***** GIVEN MATERIAL
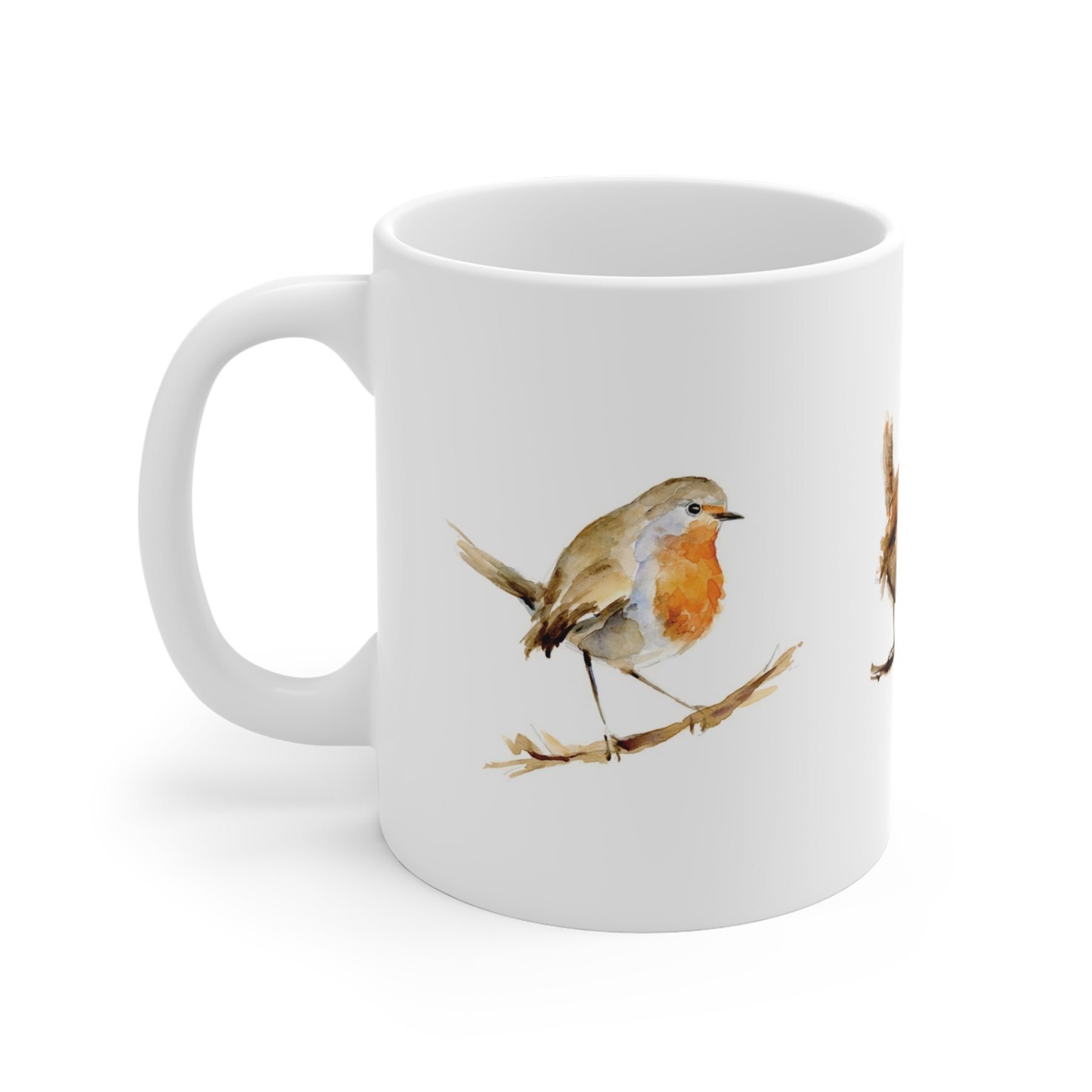 De mok is versierd met drie kleine vogeltjes — een roodborstje, blauwborstje en winterkoninkje — geschilderd in aquarel door Michelle Dujardin.
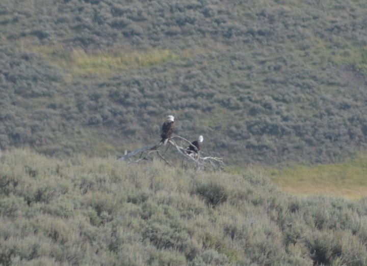 Et meget sjældent syn er at se USA´s national fugl The Bald Eagle. Vi er ekstremt heldige, da vi kommer kørende hen over engen og får øje på de to store ørne, som mig bekendt kun findes i Nordamerika.
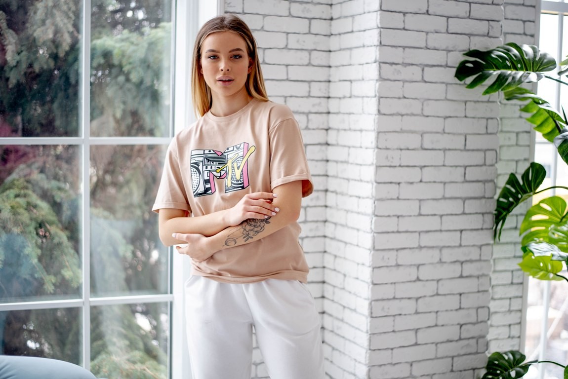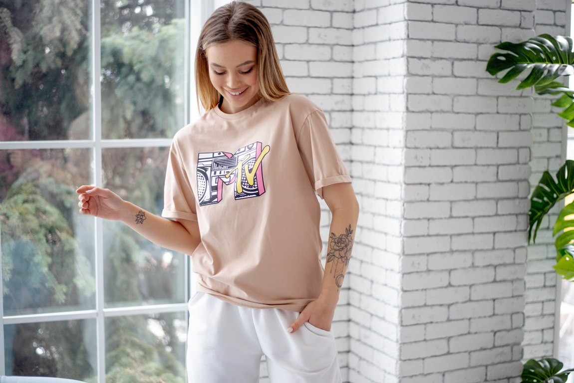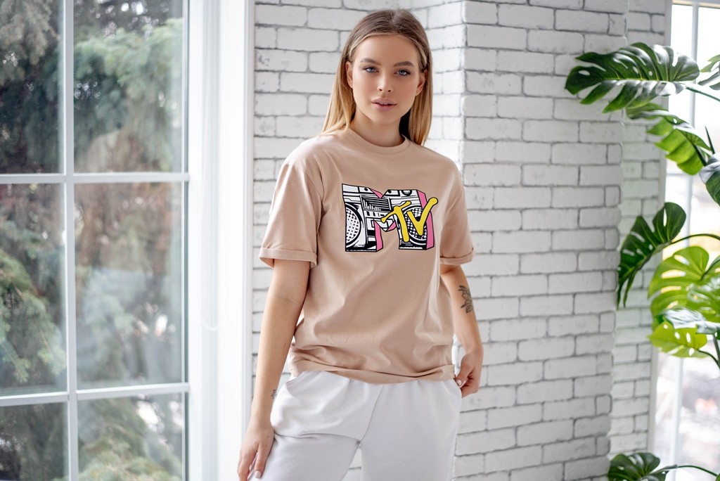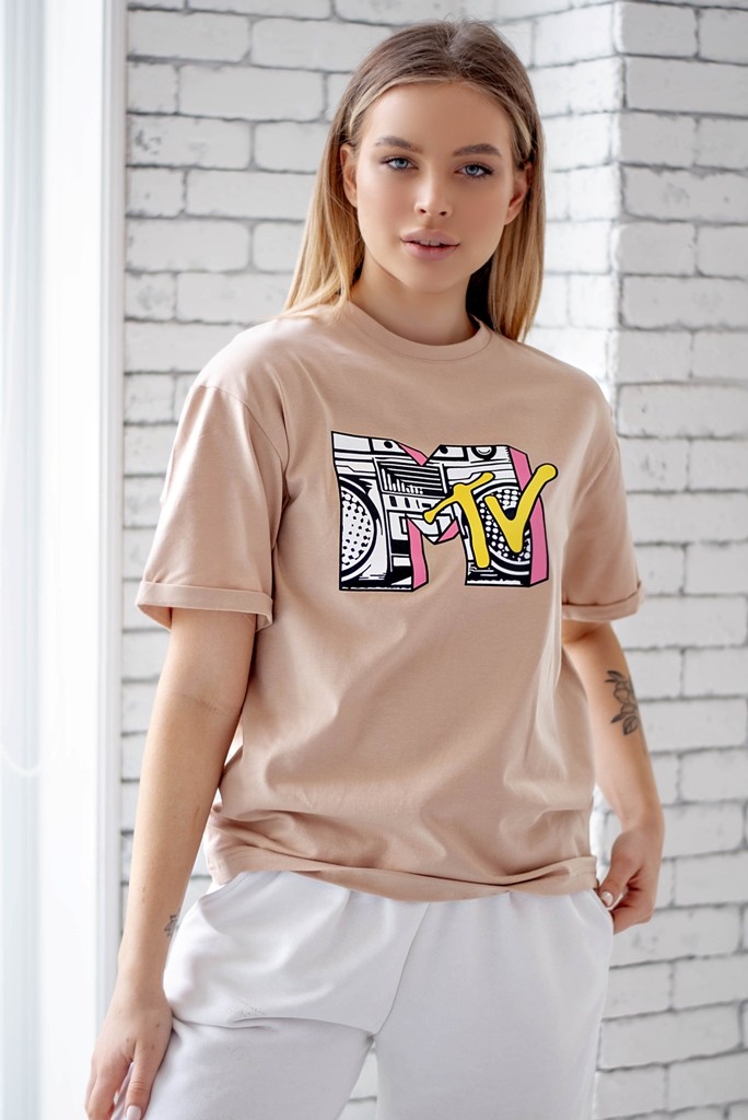 Жіноча футболка - оверсайз - бежева з принтом MTV
**********
* **EXERCISE DETAILS**
The expected output is the full material above, unaltered, with pictures removed.

* **TASK SOLUTION**
 De mok is versierd met drie kleine vogeltjes — een roodborstje, blauwborstje en winterkoninkje — geschilderd in aquarel door Michelle Dujardin.
 Et meget sjældent syn er at se USA´s national fugl The Bald Eagle. Vi er ekstremt heldige, da vi kommer kørende hen over engen og får øje på de to store ørne, som mig bekendt kun findes i Nordamerika.
 Жіноча футболка - оверсайз - бежева з принтом MTV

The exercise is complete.